The plans for a seven-story building to rise on southeast corner of Telegraph Avenue and 26th Street in Oakland’s KoreaTown, with 97 condos over nearly 9,000 square feet of retail space and a garage for 116 cars, were originally approved in January of 2006.
Waylaid by the Great Recession and a general inability to attract financing, the old 2538 Telegraph Avenue building on the site, which Tower Records once occupied, has yet to be razed. And while entitlements for the development would have normally expired long ago, a number of administrative extensions were extended by the City in order to keep the approvals and permits for the project alive.
With the last administrative extension slated to expire at the end of this year, and Oakland’s City Council not expected to extend another, the owners of the property are now asking Oakland’s Planning Commission for another two-year extension to break ground.

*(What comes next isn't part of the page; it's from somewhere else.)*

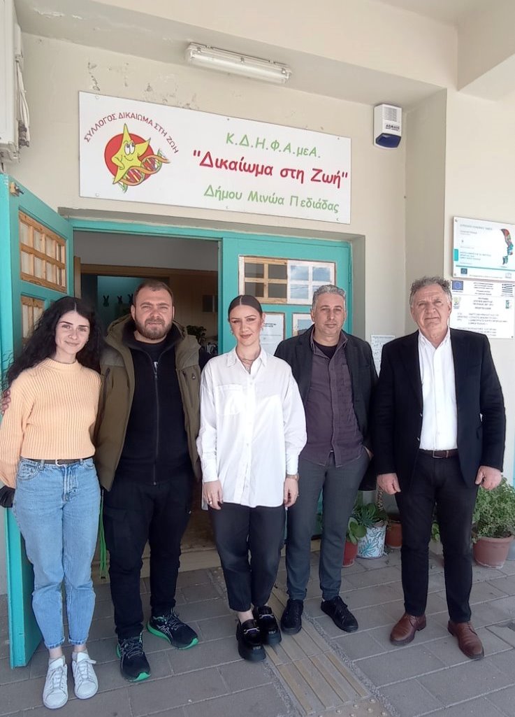Συνομίλησε επίσης με τον Διευθυντή του Φορέα Ζαχαρία Κυριακάκη και το προσωπικό, συγχαίροντας τους για το σπουδαίο έργο που επιτελούν ενώ ευχαρίστησε και όσους στηρίζουν έμπρακτα το "ΔΙΚΑΙΩΜΑ ΣΤΗ ΖΩΗ" που εξυπηρετεί συνολικά στα δύο τμήματα του (πρωινό και απογευματινό), τις ανάγκες 48 παιδιών και ενηλίκων με νοητική ή και με κινητική αναπηρία.

According to the San Francisco-based property owners, they are “close to finalizing a deal that will allow [them] to finally develop this project,” but they need more time. We’ll note the owners also have the property on the market as a fully-approved project for $6 million, a price which would drop if the entitlements were lost.
Oakland’s Bureau of Planning is recommending the extension be granted and the hearing is to be held this Wednesday, October 21.
This is a travesty. The 2008-2012 extensions were warranted but now they’re just sitting on the entitlements and banking the land to the detriment of the city.
If they can’t get financing, force their hand in selling to a developer that can and will act NOW.
I think that’s the point, nobody is going to act now.
Nobody? Because?
Kinda annoyed this is the first Oakland story reported on SocketSite in a while… a bleak entitlements story. No report on an entire block of Old Oakland being sold? No report on at least three downtown developments finally breaking ground (612 18th St, 528 20th St, 459 8th St) Like, it is in fact news that Bank of Marin financed at 25 unit building in downtown Oakland.
I think socketsite does a great job and am happy with whatever they come up with in the editorial time they have, but for what its worth, I’d like to know more about these. Seems like a shift is happening with some investment flowing into the Eastbay, and I’ll certainly be reading eagerly to understand that better.
absolutely. I love socketsite but I’d also love more east bay coverage. at this point it might even make sense to build out an entire sister site, just for the east bay!
Good suggestion. For now though the shift to Oakland from SF has just started. In its infancy. A few decades from now that shift, IMO – both residential and commercial, will be amazing and folks will be saying – why did I not see it?! It was so obvious!
So a sister site will come as Oakland increasingly challenges SF in these matters but for now it’d be great to see more Oakland/East bay coverage. Go east – young man or woman.
Are you paying attention to the cultural backlash that’s occurring, Dave? Especially in the areas between Oakland Berkeley and Emeryville, like Golden Gate, Santa Fe, Longfellow? you are precisely the guy they are worried about. It isn’t undiscovered territory bro. People live there already.
It’s absolutely horrifying that families want to move into these areas. Next thing you know, stuff like this happens: Parents pushing the school district to reopen Santa Fe Elementary School on 54th Street got their collective foot in the door Wednesday night with a nod from the school board.
Your point has nothing to do with my point.
Before anyone jumps on the parking ratios…Oakland has just joined the 21st century and has proposed wide-ranging changes to parking requirement, which include ZERO parking requirements in downtown (although no maximums…so the market will decide), and will also require unbundling parking for both new condo and rental projects. And outside of downtown, parking drops to 1 per unit (was actually 1.5 in several loations). Hopefully it will be approved without too much fuss.
That’s the SOUTHeast corner. (The NE corner is the old Sears Auto Center building, which I believe, is occupied).